Стоял конец декабря на юге Англии, и, хотя было только три часа дня, небо за окном спальни Шарлотты чернело и полнилось звездами, словно за полярным кругом. Я как-то забыл об этом за несколько месяцев в Коннектикуте, в Шеррингфордской школе, хотя вырос, стоя одной ногой на одном берегу Атлантики, а другой – на втором. Когда я думал о зиме, я представлял себе эти практичные вечера в Новой Англии, которые наступали сразу же после ужина, исчезая в утренней синеве, когда вы потягивались, просыпаясь. Зимние вечера в Британии другие. Они приходят в октябре с пистолетом и держат вас в заложниках следующие шесть месяцев.
Все говорили, что лучше бы я сначала съездил к Холмс летом. Ее семья жила в Сассексе, в краю, который подпирал южное побережье Англии, и с верхнего этажа дома, который они построили, можно было видеть море. Ну, можно было бы, имей вы очки для ночного видения и живое воображение. Декабрьская темнота в Англии сама по себе портила мне настроение, а семейное поместье Холмсов было воткнуто в холм, как крепость. Я все время ждал, что молния разорвет небо над ним или что из погреба выйдет, запинаясь, какой-нибудь бедный, измученный мутант или сумасшедший ученый в горячке исследований.
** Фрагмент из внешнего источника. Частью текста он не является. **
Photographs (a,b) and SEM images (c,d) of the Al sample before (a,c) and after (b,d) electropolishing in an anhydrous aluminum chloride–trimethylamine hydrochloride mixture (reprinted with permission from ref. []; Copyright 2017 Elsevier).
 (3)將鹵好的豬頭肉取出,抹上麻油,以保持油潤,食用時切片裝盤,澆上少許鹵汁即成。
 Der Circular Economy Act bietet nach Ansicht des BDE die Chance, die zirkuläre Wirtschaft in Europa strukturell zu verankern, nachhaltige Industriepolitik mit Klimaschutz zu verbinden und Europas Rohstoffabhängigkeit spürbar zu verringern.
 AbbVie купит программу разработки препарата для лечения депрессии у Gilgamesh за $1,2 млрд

Внутри тоже мало что могло развеять ощущение, что ты попал в фильм ужасов. Но в фильм ужасов особого рода – что-нибудь типа скандинавского арт-хауса. Длинные темные неудобные диваны, созданные явно не для того, чтобы на них сидели. Белые стены, увешанные белыми же абстрактными картинами. Скрытый в углу кабинетный рояль. Если коротко, то в таких местах живут вампиры. Настоящие вампиры, только хорошо воспитанные. И повсюду тишина.
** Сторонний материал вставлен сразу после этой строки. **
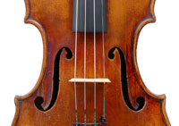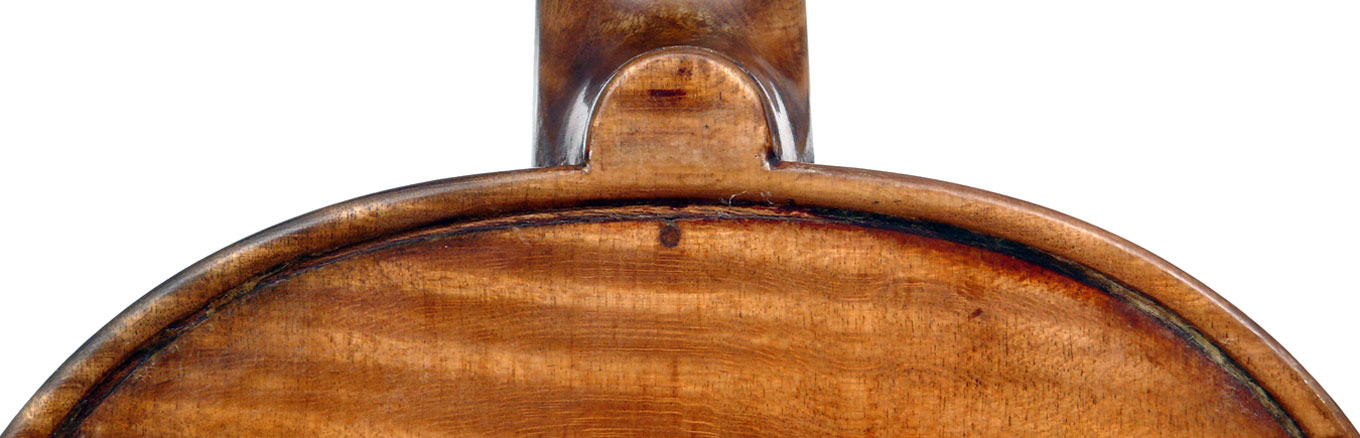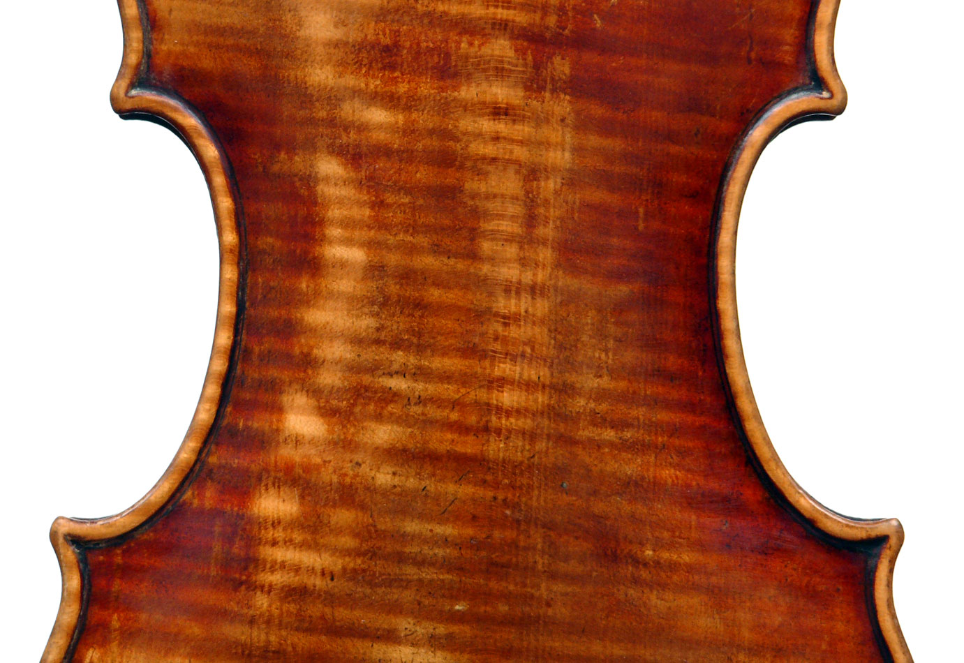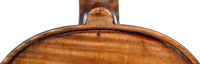 This unlabelled instrument is in my view a fine violin and not a trade instrument. Throughout it is made of excellent materials - a beautiful one-piece back of nicely flamed maple with a medium and distinct curl, repeated in the sides, neck and scroll. The scroll particularly is striking in its wood and cut and shows an excellent steady and well-trained hand. The top is of good-quality medium grained tone spruce.

Комнаты Холмс в цокольном этаже были захламленным живым сердцем этого холодного дома. Стены в ее спальне были выкрашены в темный цвет, со стеллажами складского образца и книгами, книгами повсюду, расставленными по алфавиту на полках и разбросанными на полу с раскрытыми страницами. В соседней комнате имелся химический стол, забитый мерными стаканами и горелками. Суккуленты, изогнутые и шишковатые, в маленьких горшочках – каждое утро Шарлотта кормила растения смесью уксуса и миндального молока из пипетки. («Это эксперимент, – сказала мне Холмс, когда я запротестовал. – Я пытаюсь их убить. Их ничто не берет».) На полу были разбросаны бумажки, монеты и сломанные сигареты – и все же во всем этом бескрайнем беспорядке нигде не обнаружилось бы ни единого участка пыли или пятнышка грязи. Всё, как я и ожидал, зная Шарлотту, кроме, быть может, ее заначки с шоколадными бисквитами и «Британской энциклопедии», которую Холмс держала на низкой книжной полке, игравшей роль прикроватной тумбочки. Очевидно, Холмс любила размышлять над ней в кровати, с сигаретой в руке. Сегодня это был том «Ч», статья «Чехословакия», и по какой-то непостижимой причине Шарлотта настояла на том, чтобы прочитать мне всю эту статью вслух, пока я ходил перед ней взад и вперед.
Ну, причина могла быть. Это был способ избежать разговоров о чем-то настоящем.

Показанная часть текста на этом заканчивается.